Navigating Uncertainty

I've discussed the importance of community a few times on this blog. Well, not too long ago, I had an opportunity to experience the benefits of being part of a writers community firsthand.

I received some feedback on my current project that seemed contradictory to everything I'd read about publishing a debut novel. Immediately, one of my friends pointed out that there aren't really any rules dictating what is right or wrong in writing a book. Stylistically, anyway. And she named a few books right away that did exactly what I'd been told to do in my book.

Other friends listened (and I use that term loosely since this all took place in a Facebook conversation) while I rambled on about things I've read from agents and editors. Some of the members of my critique group spoke up and told me, with a good deal of confidence, that in my particular situation, many of the changes recommended by this bit of feedback wouldn't really work for my book.

And that was something I suspected, but with how eager I am to move to the next step, I needed to talk things out before making any decisions. I'd tried some of this person's suggestions in earlier drafts of my book, and they felt forced and boring. But a part of me wanted to jump in and start fiddling with my book right away on the off chance that I might be able to move forward with my career.

Without the support of other writers, I'd still be pulling my hair, desperate to figure out what the feedback meant and how to apply it to my book. I could've butchered the entire thing and turned it into a mess that might have sent me back to the beginning with this project. Unless I made all of those changes in a separate document, which is what I planned. But after the conversations I was able to have, I know that wouldn't have been the best use of my time.

The biggest reason I bring this up is because this was a completely new experience for me. Not the feedback, per se, but where it came from. I didn't know how to respond, and without the support of fellow writers, I think my head would've exploded.

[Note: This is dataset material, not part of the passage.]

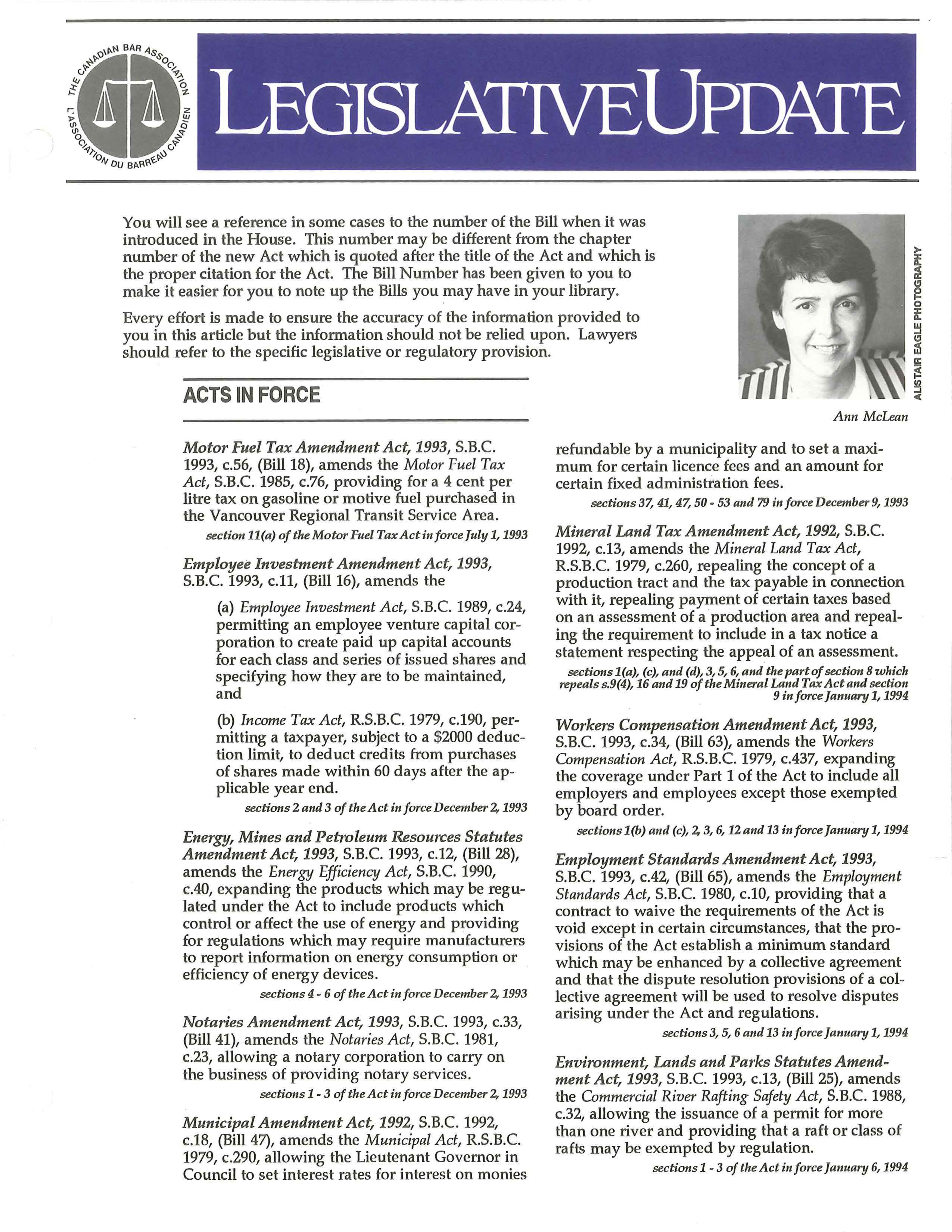 ]. Parker MacCarthy CBA (B.C. Branch) President 1993/94
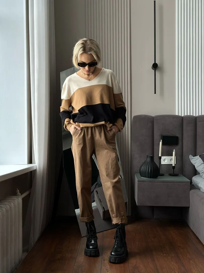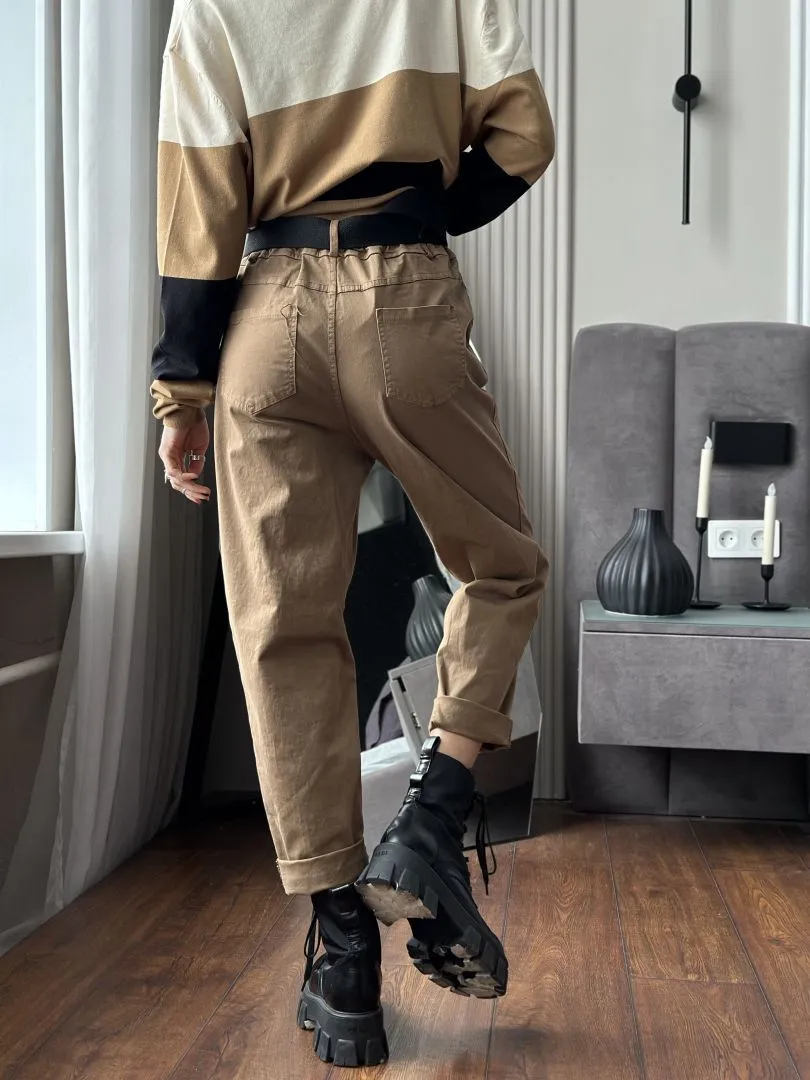 Брюки из хлопка в бежевом цвете

My point, I guess, is that when a stereotypical hermit writer hits that point of uncertainty, like I did, they need to break away from their solitude and seek the advice and support of people who can give them a fresh perspective. It's dangerous to do this alone. With the quality of writing I keep seeing in the bookstores, and with the overwhelming mass of people vying for a chance to be published, I don't know if it's even POSSIBLE to do this alone anymore. If it ever was possible.